Input:
▬▬▬▬▬▬

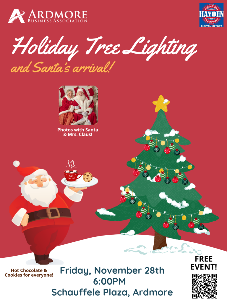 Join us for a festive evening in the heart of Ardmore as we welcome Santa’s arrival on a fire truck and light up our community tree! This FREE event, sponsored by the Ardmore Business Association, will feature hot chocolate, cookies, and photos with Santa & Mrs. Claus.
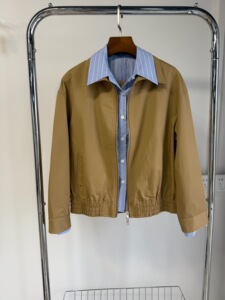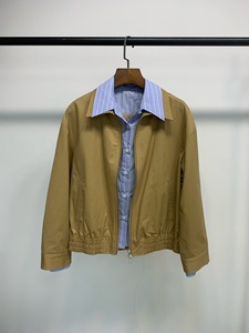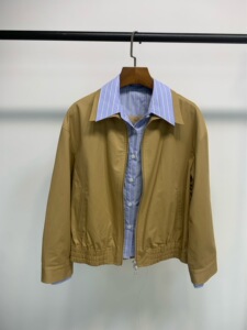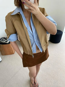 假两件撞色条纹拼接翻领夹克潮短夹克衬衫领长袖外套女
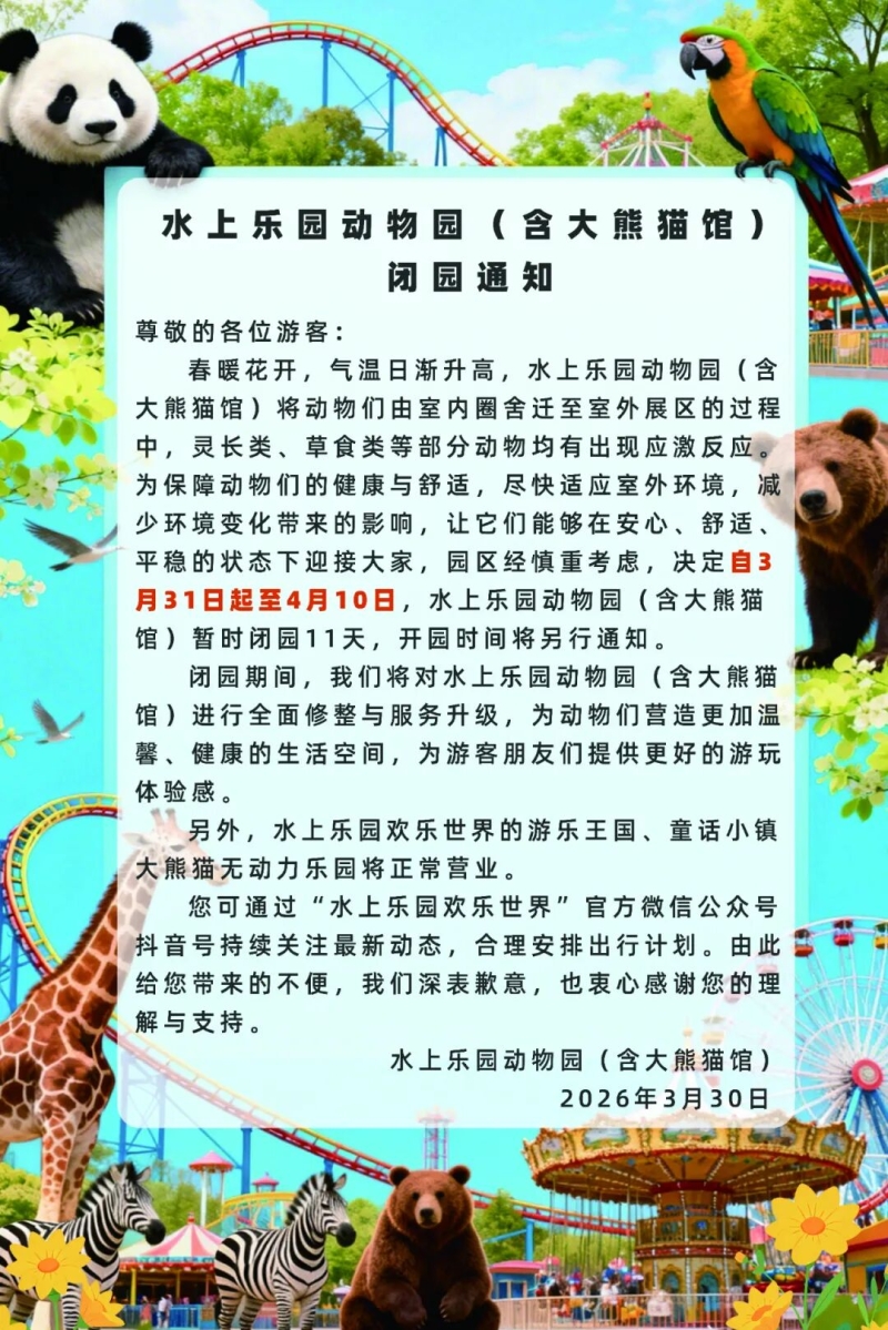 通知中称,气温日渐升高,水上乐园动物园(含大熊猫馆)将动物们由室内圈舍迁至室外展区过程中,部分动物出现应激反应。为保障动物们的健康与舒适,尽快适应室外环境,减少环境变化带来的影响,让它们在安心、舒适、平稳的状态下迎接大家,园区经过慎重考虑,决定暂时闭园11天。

▬▬▬▬▬▬

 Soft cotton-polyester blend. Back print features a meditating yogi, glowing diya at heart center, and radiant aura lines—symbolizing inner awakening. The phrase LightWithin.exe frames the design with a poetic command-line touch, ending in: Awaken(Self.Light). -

▬▬▬▬▬▬

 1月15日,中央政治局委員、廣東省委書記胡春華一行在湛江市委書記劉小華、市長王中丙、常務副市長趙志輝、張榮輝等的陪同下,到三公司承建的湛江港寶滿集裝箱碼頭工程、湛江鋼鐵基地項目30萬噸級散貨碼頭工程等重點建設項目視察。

▬▬▬▬▬▬

Action item: Copy exactly the lines of the entries above from the one containing "Join us for" through the one containing "通知中称,气温日渐升高,水上". Both end lines count; pictures do not.

Answer for this exercise:
 Join us for a festive evening in the heart of Ardmore as we welcome Santa’s arrival on a fire truck and light up our community tree! This FREE event, sponsored by the Ardmore Business Association, will feature hot chocolate, cookies, and photos with Santa & Mrs. Claus.
 假两件撞色条纹拼接翻领夹克潮短夹克衬衫领长袖外套女
 通知中称,气温日渐升高,水上乐园动物园(含大熊猫馆)将动物们由室内圈舍迁至室外展区过程中,部分动物出现应激反应。为保障动物们的健康与舒适,尽快适应室外环境,减少环境变化带来的影响,让它们在安心、舒适、平稳的状态下迎接大家,园区经过慎重考虑,决定暂时闭园11天。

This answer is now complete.